Борис лишь рассмеялся, а я улыбнулась в ответ, стирая слезы со щек.
— Что есть — то есть! Все, Ален, побежал дальше. Обещаю больше от тебя ничего не скрывать и писать, если не получится позвонить.
— Спасибо, спасибо, Борис, за все!
Как только наш разговор завершился, я выдохнула с облегчением и закрыла глаза, улыбаясь тому, что у него все хорошо. А Денис? Он сильный, он справится со всем, он сможет. Я же… я буду жить своей жизнью: новой, яркой, наполненной добрыми людьми, которые не станут закрывать глаза на мое горе, которые помогут и поддержат, чтобы ни случилось.
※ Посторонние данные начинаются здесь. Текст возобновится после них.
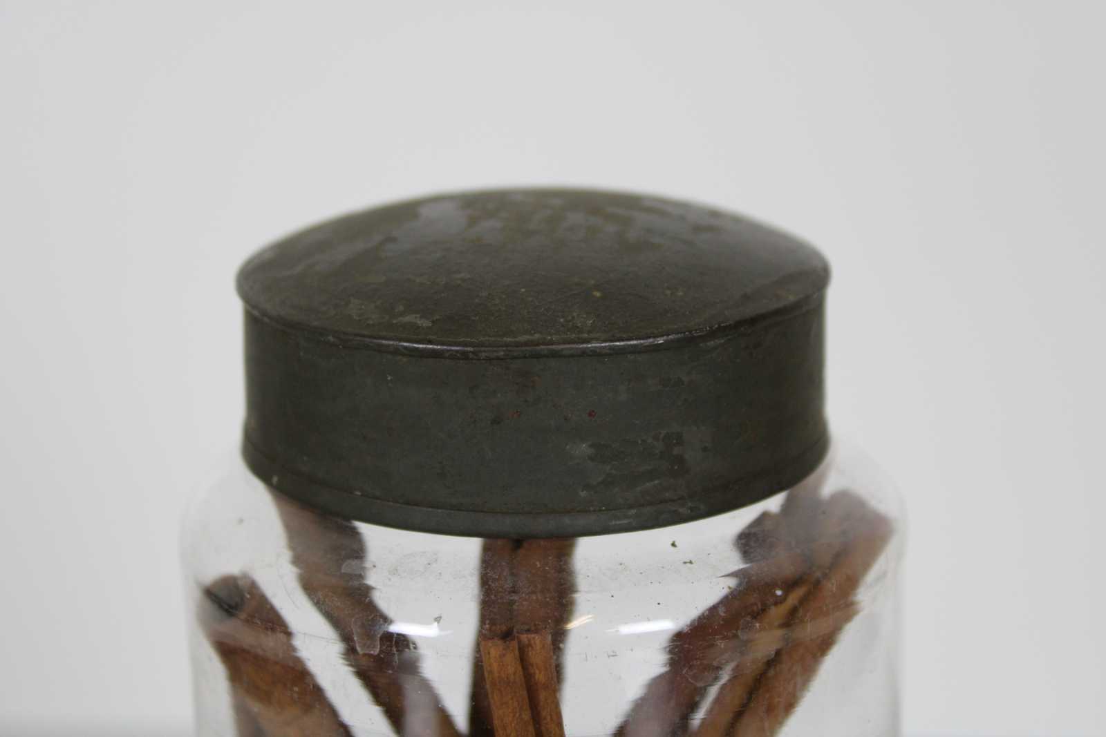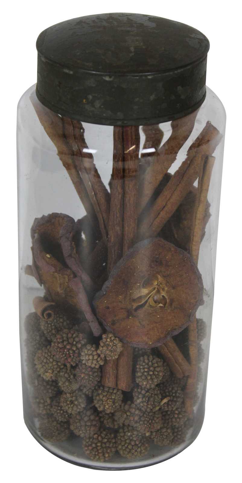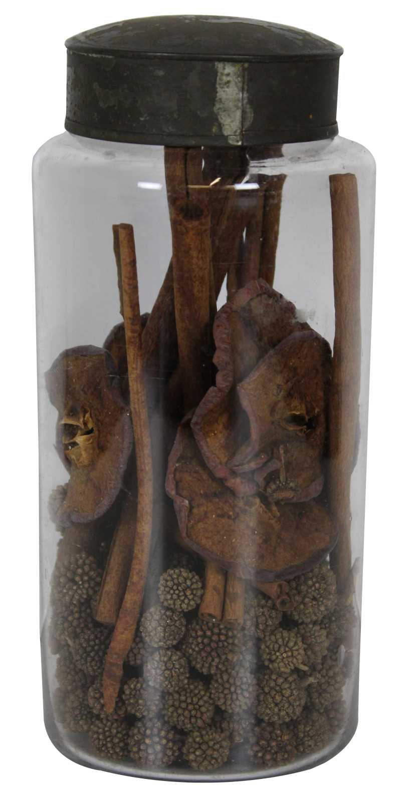 Antique Early American folk art hand blown glass apothecary jar with tin lid, filled with dried oranges/apples, cinnamon sticks and what is probably golpipal (aka Round Pipal, related to long pepper) or blackberries.
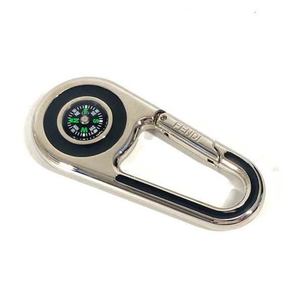 FENDI Logo Carabiner with Compass Bag Charm Keychain Metal Men\'s Women\'s Silver
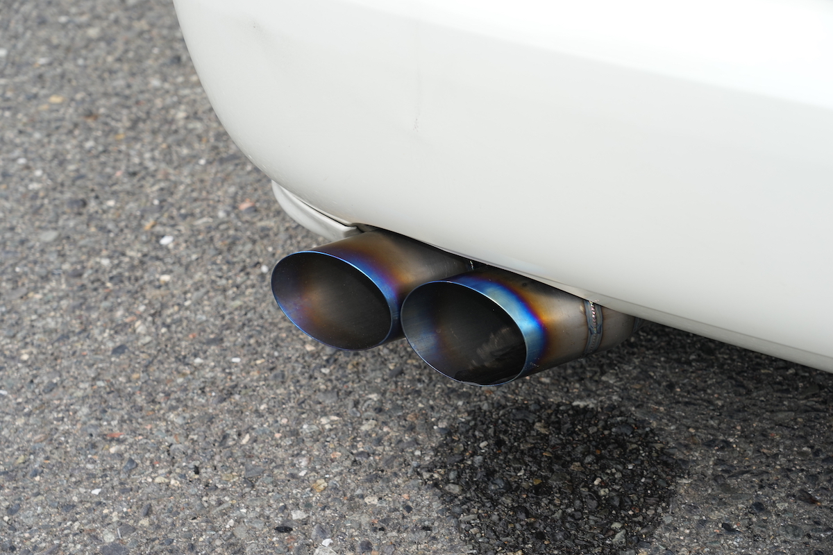 河合 今回のVIPスタイルのイベントのために、フロントからフルチタンで作りました。ゼロクラではいないですね、この見た目とサウンドは。ぱっと見は大人しい見た目なんですけど、いざ走らせると、凄い迫力がある音を響かせる。ゼロクラって、元々、真ん中一本。これは、そのスペースに45φのパイプを2本入れています。出口は95φ。それによって普通のゼロクラよりも重低音を響かせることができるんです。
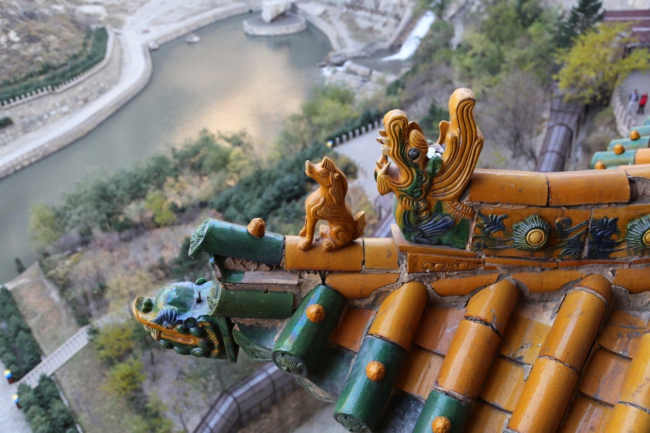 Après avoir frôlé la mort à chaque virage lorsque notre intrépide chauffeur doublait les camions surchargés qui semblaient à l’arrêt dans les montées, nous sommes finalement arrivés sains et saufs à destination ! Le premier réflexe en descendant du minivan est de regarder en l’air, le long des parois des gorges du Jinlong pour repérer le fameux monastère. Le voilà, avec ses pagodes accrochées à la falaise au-dessus de la rivière et soutenues par de frêles étais de bois qui, du parking, semblent aussi fines que des allumettes ! Mais quel est l’homme assez fou pour construire un tel édifice là-haut ?? La hauteur semble assez haute, accentuée par un barrage en amont qui retient la rivière. De modernes escaliers nous amènent jusqu’au premier des trois ensembles de bâtiments et on retrouve un vrai temple aux pièces étroites et sombres avec des bouddhas très poussiéreux. Chaque pagode est reliée à la suivante par des passerelles soit creusées dans la roche, soit en bois. Sur l’une d’entre elle, on passe entre les piliers qui soutiennent la passerelle du dessus et on peut secouer les montants en bois avec une telle amplitude qu’on se demande comment cela peut soutenir quelques chose !!!
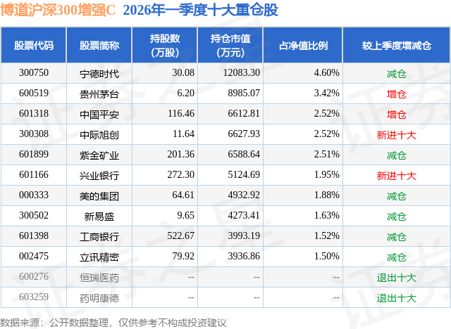 从基金规模来看,博道沪深300增强C基金2026年一季度公布的基金规模为13.54亿元,较上一期规模7.88亿元变化了5.66亿元,环比变化了71.79%。该基金最新一期资产配置为:股票占净值比93.98%,债券占净值比5.18%,现金占净值比2.47%。从基金持仓来看,该基金当季前十大股票仓位达24.05%,第一大重仓股为宁德时代(300750),持仓占比为4.6%。
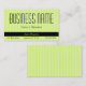 Um simples design striped em um cartão de visita pronto. As pinstripes brancas finas e o bar preto fazem parte do design e foram projetados para permitir que você mude facilmente a cor de fundo para se coordenar com suas próprias cores favoritas. Há mais de 100 opções disponíveis. Você pode adicionar mais informações ou uma imagem facilmente à parte traseira desta placa.
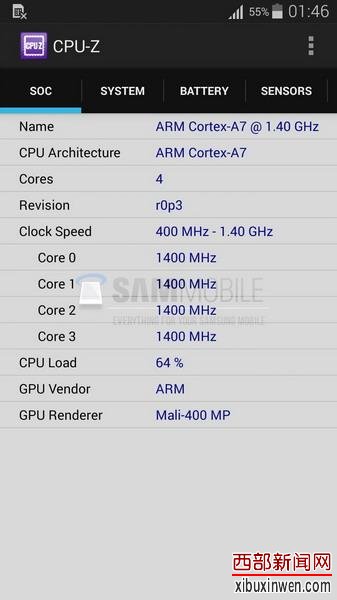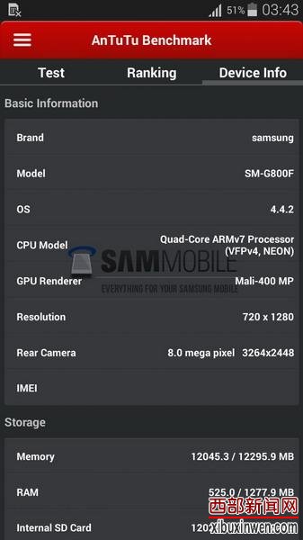此次国外网站SamMobile泄露的三星GALAXY S5 Mini的系统截图主要为我们确认了该机在硬件方面的一些配置,比如触控屏分辨率确实为720p规格,搭载主频为1.4GHz的Exynos 3470四核处理器,并集成Mali-400 MP4 GPU,拥有800万像素主摄像头,并且210万像素前置镜头还支持1080p分辨率视频录制等等。
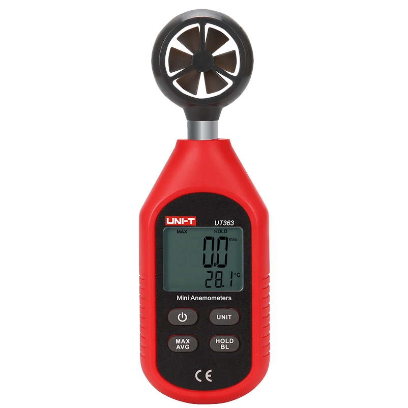 Μίνι ψηφιακό Ανεμόμετρο της UNI-TREND, UT-363. Ενσωματώνει τεχνολογία μέτρησης υψηλής ακρίβειας με μέτρηση ταχύτητας ανέμου 0~30m/s και μέτρηση θερμοκρασίας -10°C έως 50°C. Κλίμακα ταχύτητας ανέμου 0.1m/s και μέτρησης θερμοκρασίας 0.1°C, αντίστοιχα ακρίβεια ±5%rdg+0.5 και ±2%.
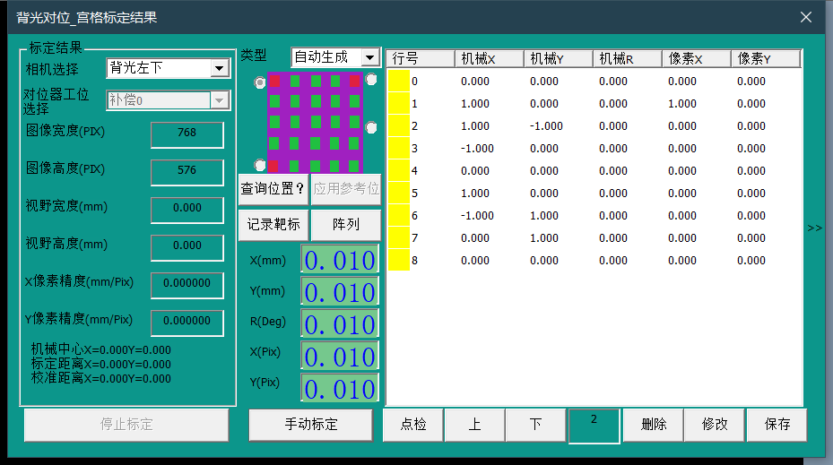 4、X 像素精度:单个像素横向代表实际中的距离。单位 mm/pix。 Y 像素精度:单个像素竖向代表实际中的距离。单位 mm/pix。标定检查:X 像素精度与Y 像素精度数值越接近越好;

В очередной раз вспомнился дом Николаева, где все прекрасно знали, что со мной делает муж, но ни одна сволочь не помогла в побеге, да что говорить, они обо мне между собой разговаривали, презрительно кривили губы и тихо смеялись, говоря, что так мне и надо. Я помню, я помню все. Придет время, и мы поквитаемся, обязательно!
В кухню я вышла совсем другим человеком и сразу же по очереди обняла всех, кто там был.
— Спасибо, — поблагодарила бабушку Веру, которая самодовольно задрала подбородок.
— А я ведь говорила, — толкнула меня локтем в бок, — ну, раз у нас такие хорошие новости, то сегодня будет делать шашлык!
— Ула! — закричали мальчишки, громко хлопая в ладоши и прыгая на одном месте, а я смотрела на них и понимала, что пора бы уже и о своих подумать детках, правда, еще очень сильно хотелось доучиться. Денис так и не позволил мне сначала ездить на занятия, а после посещать университет. Самолично забрал документы, заявив, что мне, как его жене, не нужно ни о чем беспокоиться. А я хотела, очень сильно хотела быть наравне со всеми, записывать лекции, сокращая слова так, что потом их невозможно было прочитать, хотела стоять перед аудиторией и трястись, вспоминая все термины и определения, хотела сдавать, как все, экзамены и зачеты, писать шпоры и отмечать удачно закрытую сессию.